Am I doing something wrong?
Shouldn't the pool size be configurable? How can 100 threads be the perfect fit for all needs and machine types?
Here's a bit of context of my usage:
I'm using Dataflow in streaming mode, reading from Kafka using KafkaIO.java
"After some time" is a few hours, (less than 12h)
I'm using 36 workers of type n1-standard-4
I'm reading around 180k messages/s from Kafka (about 130MB/s of network input to my workers)
Messages are grouped together, outputting around 7k messages/s into BigQuery
Dataflow workers are in the us-east1-d zone, BigQuery dataset location is US
You aren't doing anything wrong, though you may need more resources, depending on how long volume stays high.
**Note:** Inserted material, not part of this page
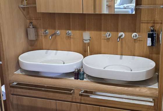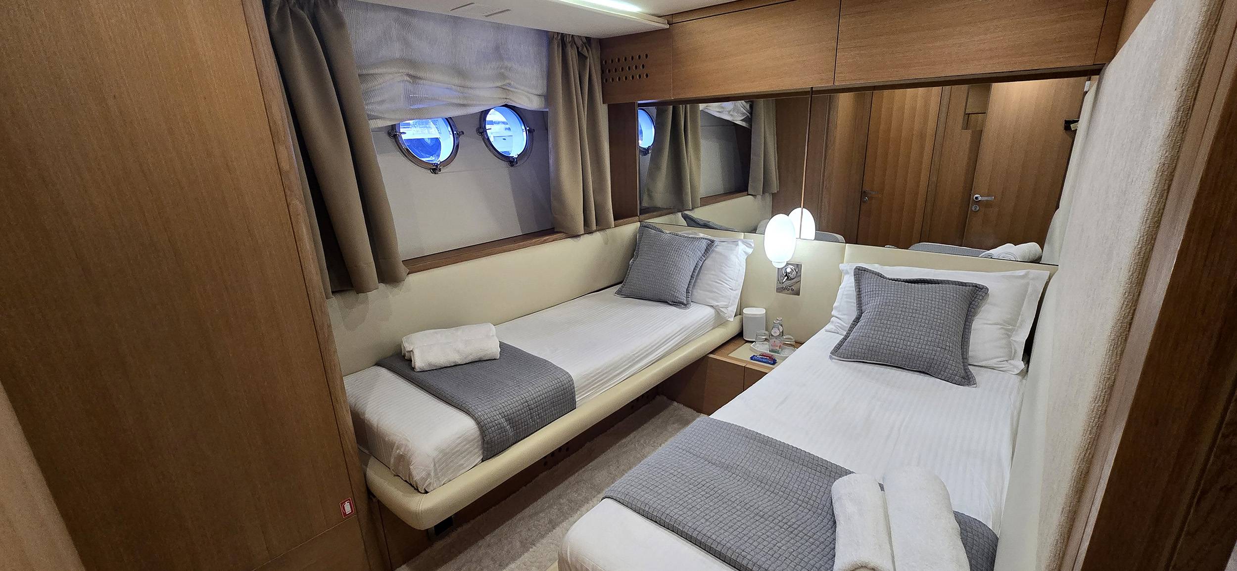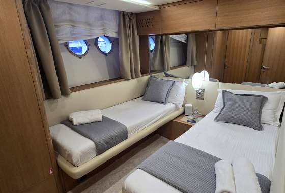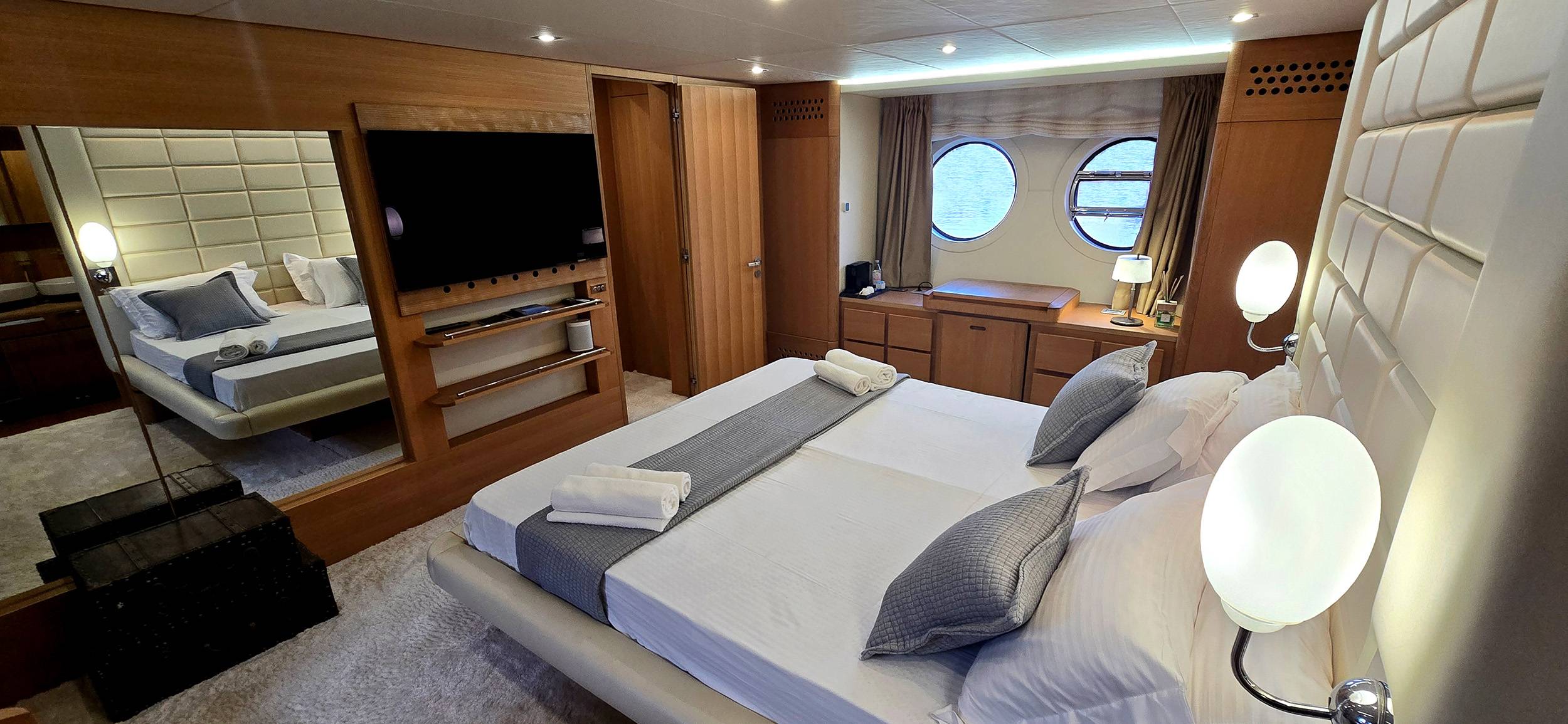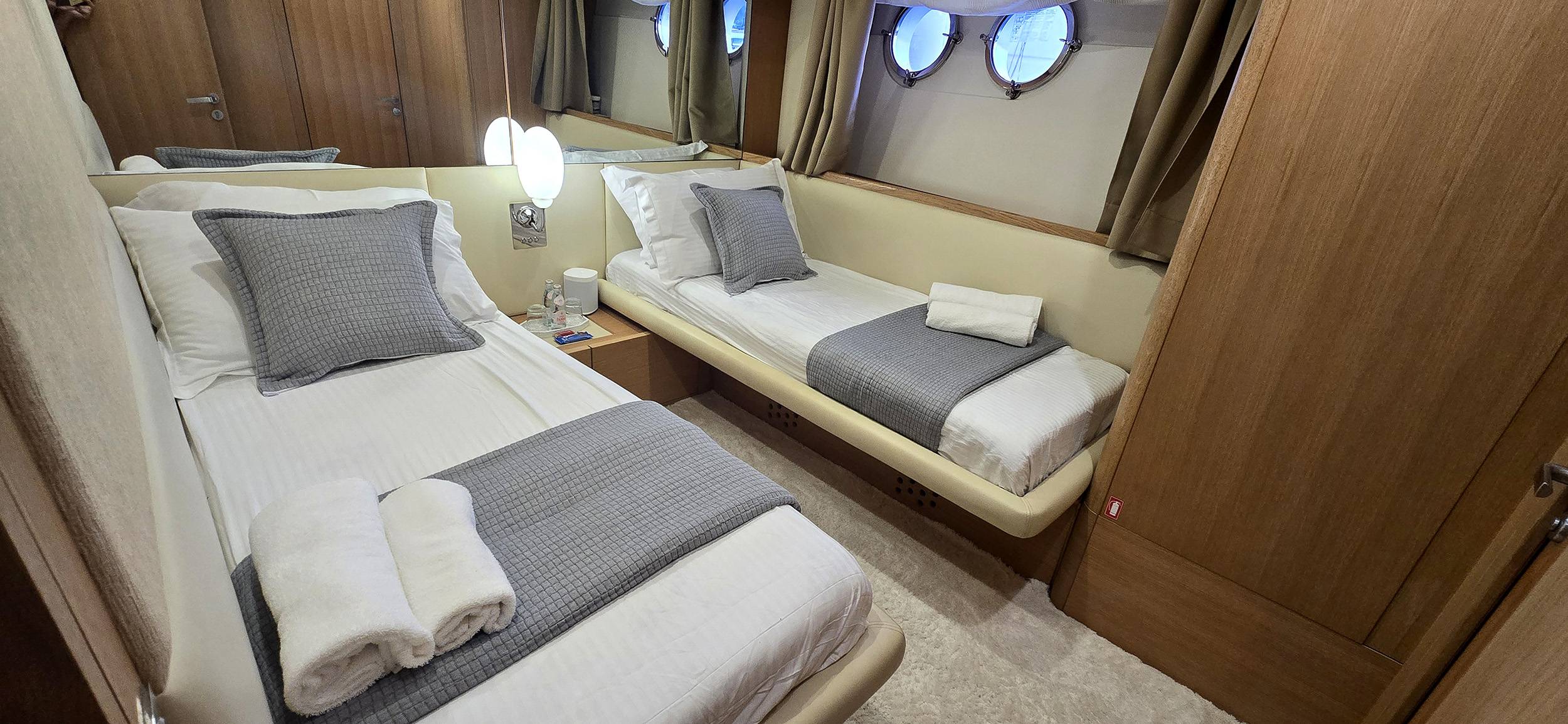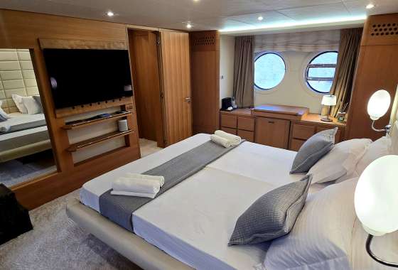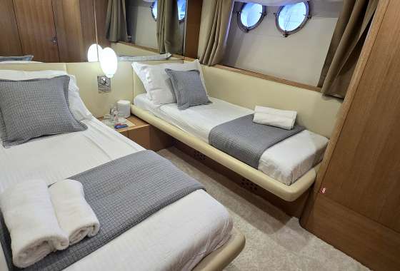 8 guests in 1 Master Suite, 1 VIP and 2 Twin Cabins of which the one can be convertible to double, all with en-suite facilities.
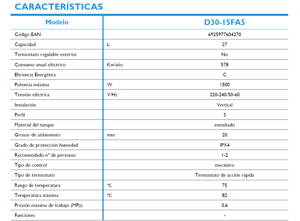 Tanque con esmalte Zafirepara mayor resistencia a la corrosión y el sarro. Cuenta con una resistencia de acero inoxidable SUS31 para un rendimiento más duradero y fiable.

The streaming BigQueryIO write does some basic batching of inserts by data size and row count. If I understand your numbers correctly, your rows are large enough that each is being submitted to BigQuery in its own request.
It seems that the thread pool for inserts should install ThreadPoolExecutor.CallerRunsPolicy which causes the caller to block and run jobs synchronously when they exceed the capacity of the executor. I've posted PR #393. This will convert the work queue overflow into pipeline backlog as all the processing threads block.
At this point, the issue is standard:
If the backlog is temporary, you'll catch up once volume decreases.
If the backlog grows without bound, then of course it will not solve the issue and you will need to apply more resources. The signs should be the same as any other backlog.
Another point to be aware of is that around 250 rows/second per thread this will exceed the BigQuery quota of 100k updates/second for a table (such failures will be retried, so you might get past them anyhow). If I understand your numbers correctly, you are far from this.